ClipZip looks good. what the cost? and I also want to see other offerings from other companies. just general R&D


----------



## sandynator (Jul 26, 2012)

Do Check the Cowon range from this link as per your budget
Cowon MP3 Players India: Cowon Video MP3 Players: Cowon Portable Audio Players: Flipkart.com

You won't regret choosing any* cowons* for aural bliss.
Only cons would be U/I of touch device & looks.


----------



## RCuber (Jul 26, 2012)

^^ Yes Cowon, IIRC these were one of the best MP3 players couple of years ago.


----------



## KDroid (Jul 26, 2012)

I am using Cowon iAudio E2 currently.

Completely Satisfied with it. 
Battery Life ~ 6 hours


But No Proper Playlist management.


----------



## sandynator (Jul 26, 2012)

KDroid said:


> I am using Cowon iAudio E2 currently.
> 
> Completely Satisfied with it.
> Battery Life ~ 6 hours
> ...



Can You tell how is this sansa clip zip compared to cowon in terms of audio quality?
What would be the cost of 8gb & is it freely available in India? 
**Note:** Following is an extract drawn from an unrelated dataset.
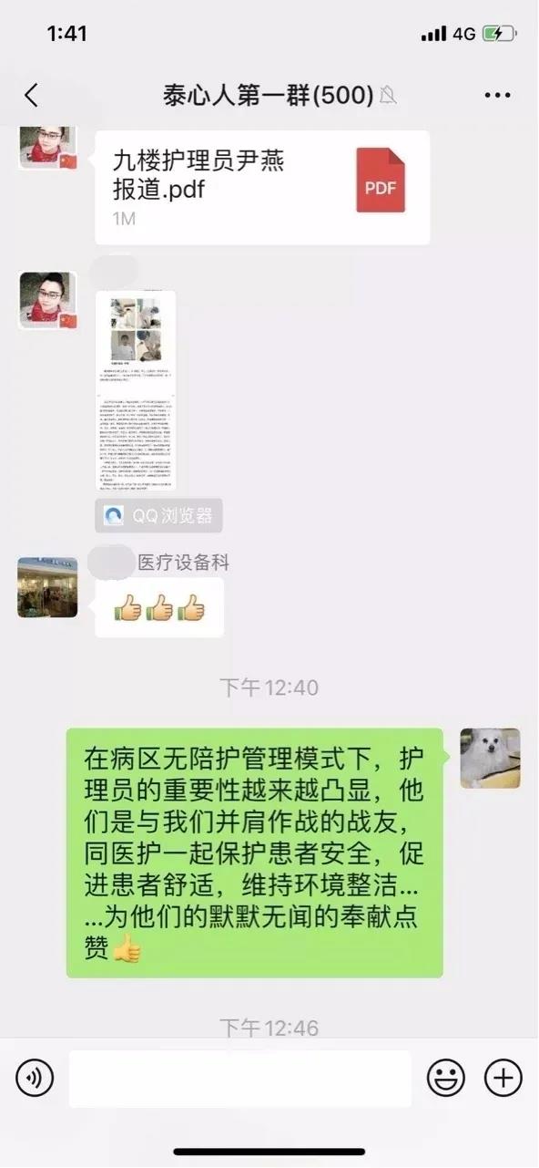 2020年5月19日,泰达国际心血管病医院内科护士长赵雪光在医院微信群中发布了篇《爱心、真心、贴心、耐心丨一位优秀护理员的日常》文章,高度肯定了泰心康护护理员尹燕在工作中的兢兢业业、无微不至。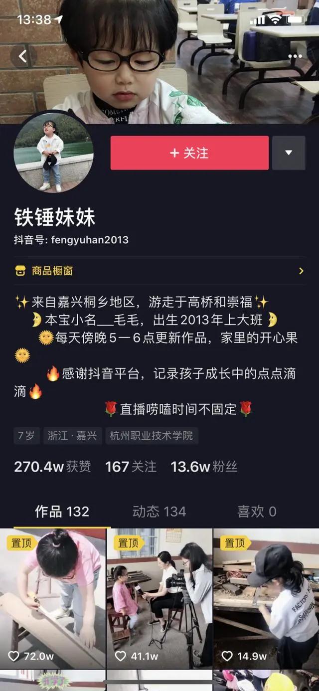 從那以後,“鐵錘妹妹”的粉絲每天都在增長,直到今天早上9點,錢江晚報小時新聞記者第一次打開,顯示粉絲數有13.2萬,一個小時後就達到了13.4萬,到了下午1點已經達到13.6萬。

I'm fed up with my Mobile so looking for some cheaper portable option minimum 8gb + sd card capacity.


----------



## KDroid (Jul 26, 2012)

I haven't had any chance to play around with Sansa. So can't compare it with Cowon.But from what I have heard, the sound quality is as good as Cowon's.


----------



## sandynator (Jul 26, 2012)

Anyways thanks.

This is the product which comes to my requirement but I doubt if its available freely here. 

I think I've to reshuffle my priority list & get an android fone first  add Jet audio from play store. 
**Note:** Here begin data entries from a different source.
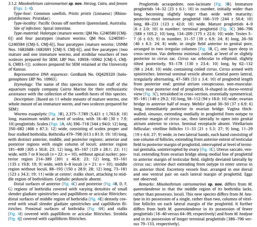 | Type Material | Holotype (mature worm; QM No. G240580 [CMJ- 6]) and four paratypes (mature worms; QM Nos. G240581–G240584 [CMJ-5, CMJ-6]), four paratypes (mature worms; USNM Nos. 1682688–1682691 [CMJ-5, CMJ-6]), and five paratypes (two mature and one immature worms, and strobilar vouchers of two scoleces prepared for SEM; LRP Nos. 10958–10962 [CMJ-5, CMJ- 6, CM03-1]); scoleces prepared for SEM retained at the University of Kansas |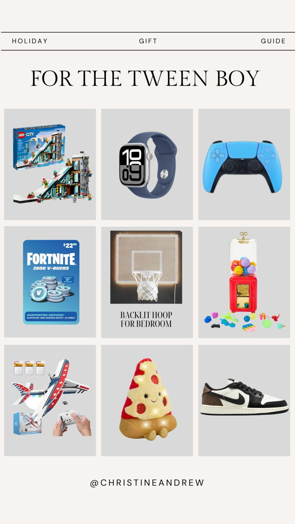 TWEEN BOY GIFTS: ski hill lego // apple watch // playstation remote // fortnite v-bucks // backlit basketball hoop // vending machine toy // remote control airplane // pizza pillow // nikes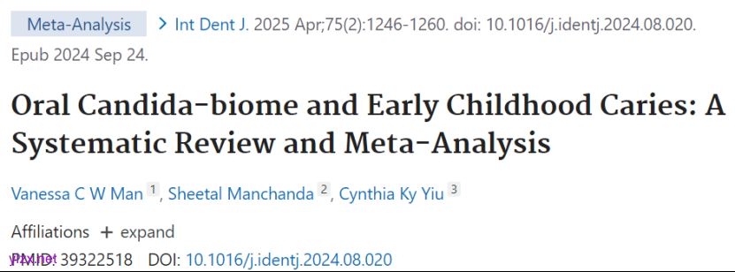 Man VCW, Manchanda S, Yiu CK. Oral Candida-biome and Early Childhood Caries: A Systematic Review and Meta-Analysis. Int Dent J. 2025 Apr;75(2):1246-1260. doi: 10.1016/j.identj.2024.08.020. Epub 2024 Sep 24. PMID: 39322518.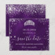 Uma garota e moda Salve o cartão de data para uma Quinceañera, 15 festa de aniversário. Um fundo púrpura incolor. Decorado com pó falso prateado e uma tiara, coroa. O texto: Salvar a Data é gravado com um script de estilo com letra de tendência grande.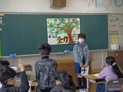 「初雪のふる日」の音読発表会です。4年生1年間の総まとめとして、立派な音読ができました。

For guys on tighter budget like me this will be quite close to getting a Cowon player


----------



## KDroid (Jul 26, 2012)

Yeah, unfortunately it's not officially available in India. But I saw a site where it was available for 3.25k. Will need to dig a little...


----------



## RCuber (Jul 26, 2012)

^^ I think I closed a window where I was asking about the availability  , 

Its not available in flipkart, but ebay has listed it..


----------



## KDroid (Jul 26, 2012)

Grabmore.in : Online Shopping of Electronics in India, Buy SanDisk SDMX22-004G-A57K Sansa Clip Zip 4 GB (Black) with cheapest price.


----------



## sandynator (Jul 26, 2012)

RCuber said:


> ^^ I think I closed a window where I was asking about the availability  ,
> 
> Its not available in flipkart, but ebay has listed it..




try this
SanDisk Fuze+8GB (WHITE) [Fuze+] - Rs.4,400.00 : Pristine Note, Shop audio, headphones, amplifier, DAC, hifi, mp3, audiophile products online store India

The dealer is from navi Mumbai I'll try to contact in person


----------



## RCuber (Jul 26, 2012)

TFS... Fuze+ looks sexy.. is a 4GB model available? I will be purchasing next week only ..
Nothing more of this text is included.